Quick, name the most frequently asked questions among professional services firm leaders these days? Here, I’ll give one to you with a few details changed to protect the guilty:
We have 15 different lines of business but our clients buy, on average, services from 1.7 lines. If we just moved that number to three or four lines per client, it would make a huge difference in our growth numbers.
Yes, we would all love it if our clients bought every service we have on the website (or glossy brochure if you have that kind of firm). And yes, most of our clients would actually benefit from our excellent services. So, assuming our services are high quality, our clients need them, and they know someone from our firm, why doesn’t the cross-selling connection happen more often?

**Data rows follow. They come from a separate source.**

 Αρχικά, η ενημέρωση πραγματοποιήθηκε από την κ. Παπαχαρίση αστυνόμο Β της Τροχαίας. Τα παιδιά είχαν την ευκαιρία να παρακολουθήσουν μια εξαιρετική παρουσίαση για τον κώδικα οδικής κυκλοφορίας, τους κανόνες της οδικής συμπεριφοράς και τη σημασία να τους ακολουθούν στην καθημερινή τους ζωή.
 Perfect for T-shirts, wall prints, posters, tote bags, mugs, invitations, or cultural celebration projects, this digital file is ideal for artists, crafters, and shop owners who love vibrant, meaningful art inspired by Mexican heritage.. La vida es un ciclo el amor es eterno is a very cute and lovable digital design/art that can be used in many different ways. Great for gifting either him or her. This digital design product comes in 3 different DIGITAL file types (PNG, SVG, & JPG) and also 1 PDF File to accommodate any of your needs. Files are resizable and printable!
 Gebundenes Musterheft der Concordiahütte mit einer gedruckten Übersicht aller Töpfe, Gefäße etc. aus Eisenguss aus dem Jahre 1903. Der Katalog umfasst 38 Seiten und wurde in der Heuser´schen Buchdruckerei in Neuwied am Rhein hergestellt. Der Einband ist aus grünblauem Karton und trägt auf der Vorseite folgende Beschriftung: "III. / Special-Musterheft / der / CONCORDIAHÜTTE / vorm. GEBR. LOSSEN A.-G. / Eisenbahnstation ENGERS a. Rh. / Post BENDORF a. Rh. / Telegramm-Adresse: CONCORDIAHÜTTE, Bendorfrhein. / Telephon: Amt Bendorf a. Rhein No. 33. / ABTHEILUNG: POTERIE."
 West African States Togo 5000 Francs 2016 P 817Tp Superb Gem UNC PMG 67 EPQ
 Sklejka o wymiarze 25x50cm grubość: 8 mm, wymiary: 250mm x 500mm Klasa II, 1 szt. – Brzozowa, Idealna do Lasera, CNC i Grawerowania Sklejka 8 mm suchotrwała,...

I think it’s probably a more complicated answer than it may appear on the surface, but one thing I hear when I ask firm leaders about this challenge goes like this: Our practitioners are specialists in a certain kind of technical work. They don’t naturally interact with people who buy those other services.
This automatically makes me wonder if our wonderfully talented people are showing up to client sites with a technical specialist mindset instead of a problem-solver mindset. In other words, are they just looking for more nails to hammer instead of stepping back for a minute and asking themselves, “What is my client trying to build?” And of course, the next natural question, “How could my friends and colleagues (i.e. my firm) help them build that besides hammering in these nails?”
Yes, I know individual metrics (tracking only my hours/revenue/credit) and organizational politics get in the way here too. But if we really say that we’re professionals, bound and determined to do right by our clients (partly because we know that doing right by them will eventually be a credit to us), wouldn’t asking these simple questions of ourselves provoke at least occasional improvement in our clients’ cross-buying habits?